Many people would have thought they had achieved enough but in 1930 the steep bank was tackled, and a summer house with steps either side down to the lower garden was built.
The hard tennis court, now the modern water garden, was made in the 1930s and the yew hedge was planted around it at the same time. During the war the tennis court, which required continual watering and upkeep, was allowed to become derelict and in 1955 there was a wonderful display of seedling roses and Scotch firs growing on it, which Mrs J.B. Muir was very grieved to see go, when it was resurfaced.
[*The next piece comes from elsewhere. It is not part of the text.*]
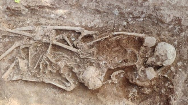Con motivo de las obras de ampliación y remodelación del CEIP Jaume I de Alcàsser, se han encontrado restos óseos pertenecientes a un yacimiento visigodo. En estos momentos, se está realizando una intervención arqueológica dirigida por los arqueólogos Tina Herreros y Pablo Sañudo, que permitirá aportar nuevos datos sobre el ya conocido yacimiento visigodo de la Senda de l’Horteta, y de las poblaciones que poblaron la zona en esta época.Los trabajos, de acuerdo con el proyecto constructivo, se han iniciado por el patio norte del recinto. Por el momento, se han localizado siete fosas de inhumación con características similares. Todas ellas son de forma ovalada, con una longitud superior a los dos metros y anchura variable, excavadas directamente en el terreno natural. Sobre ellas, se emplazan losas de piedra caliza a modo de estela o lápida, que servían para señalizar su ubicación.Con el fin de no interferir en los plazos previstos de duración de la primera fase de las obras, la excavación se está centrando en la documentación de las tres fosas situadas en el espacio que ocupará el nuevo pabellón de primaria. En todas se ha localizado más de un individuo. Una de ellas contiene cuatro esqueletos adultos y uno de edad infantil: un hombre, una mujer con pendientes, y otro, aún por exhumar, cuyo sexo está pendiente de determinar.Además, en el relleno de tierra del interior de la fosa, se han encontrado fragmentos cerámicos correspondientes a una vasija y las mandíbulas de un bóvido y un carnívoro, que formarían parte del ritual de inhumación. La cronología propuesta del conjunto gira entorno al s. VI d. C.La alcaldesa del municipio, Eva Zamora, ha querido dejar claro que «este hallazgo solo retrasará el mínimo posible los trabajos de ampliación y remodelación del CEIP Jaime I». Asimismo, ha destacado la importancia de los restos encontrados, ya que «aportan más información sobre los orígenes de nuestro pueblo».
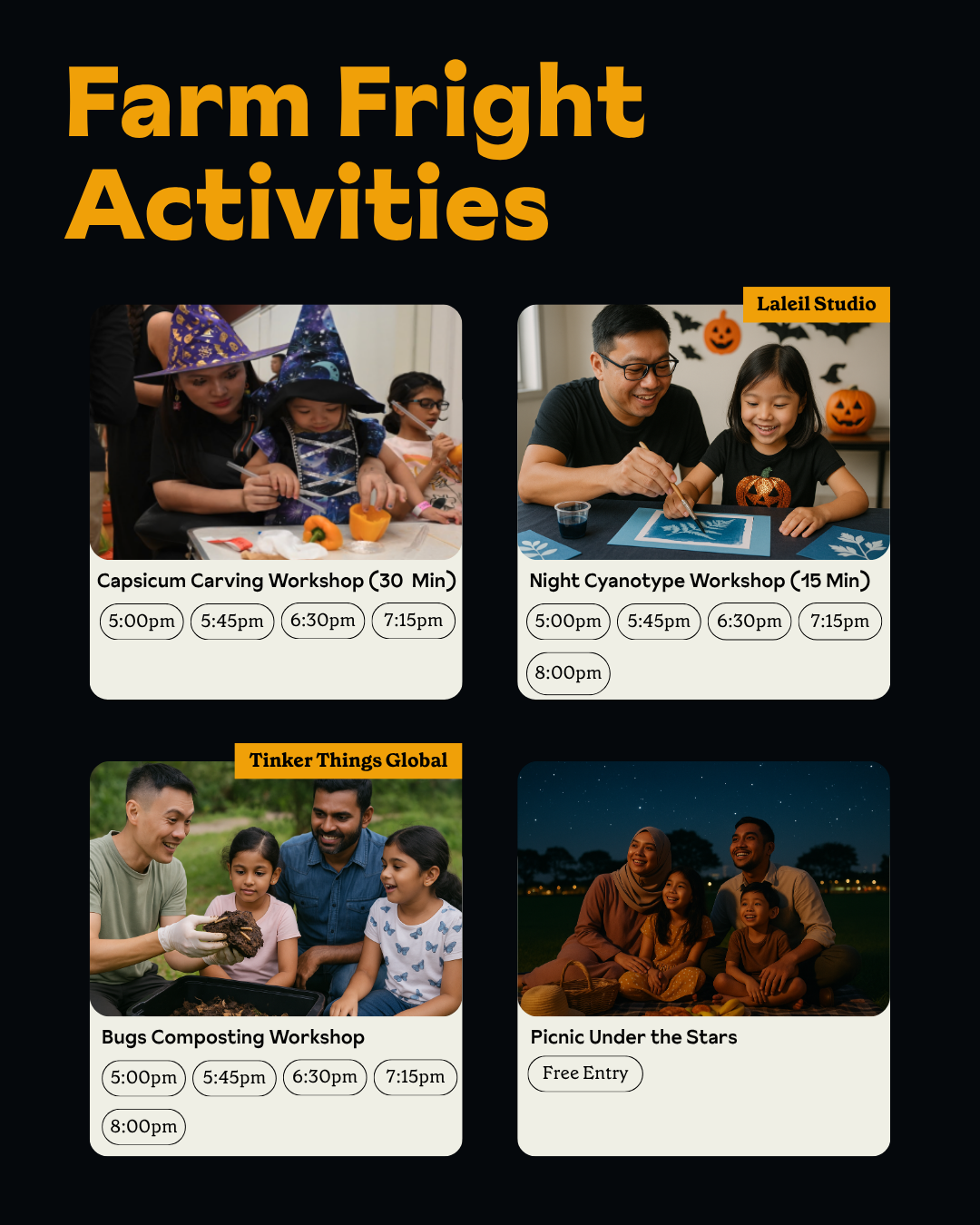 Get ready for a night of creative workshops and spine-tingling fun surrounded by the charm of our urban farm. From hands-on carving and bug explorations to relaxing picnics on the lawn, there’s something for everyone in the family!

In making the garden at Kiftsgate there is no doubt that Heather Muir was greatly helped and inspired by her lifelong friend Major Lawrence Johnston, who created the garden next door at Hidcote Manor. Whilst influenced by Hidcote next door, unlike Hidcote it was never formally planned and is considered by Keen to be "a prettier, less organised place". The flower picture in the tea-room at Hidcote was painted directly on the wall at Kiftsgate by Major Johnson and moved to Hidcote in 1981 by the National Trust.
Kiftsgate first became well known to the gardening public after Graham Stuart Thomas's article in the Royal Horticultural Society Journal, May 1951, in which the great plantsman observed, "I regard this as the finest piece of skilled colour work that it has been my pleasure to see."
In April 1954 the magazine Gardening had an illustration of the Yellow Border on its cover and inside an article by A.G.L. Hellyer, reporting that
Each rose bush has grown to its maximum proportions and to the conventional gardener these proportions will come as a revelation. Yet despite the luxuriance of Kiftsgate it is a garden upon which an extremely firm hand and a very discerning eye have been kept. There is nothing of the wilderness here and one is immediately conscious that everything is in its place and is there for a definite purpose. That purpose is to produce a series of pictures in colour that are rich but never glaring. They are the colours I associate with fine tapestry.

Kiftsgate rose

The gardens are well known for the famous Kiftsgate rose, a scented climbing rose, which is shade-tolerant and very vigorous. It is claimed that the Rosa filipes 'Kiftsgate' is the largest rose in Britain measuring x 90 feet x high at last measurement, as reported on the Kiftsgate website. It was planted in 1938 and named by Graham Stuart Thomas in 1951. The same official website says that it would be even larger were it not cut back, and the owners fear for the integrity of the beech tree which it has colonised owing to the weight of its foliage.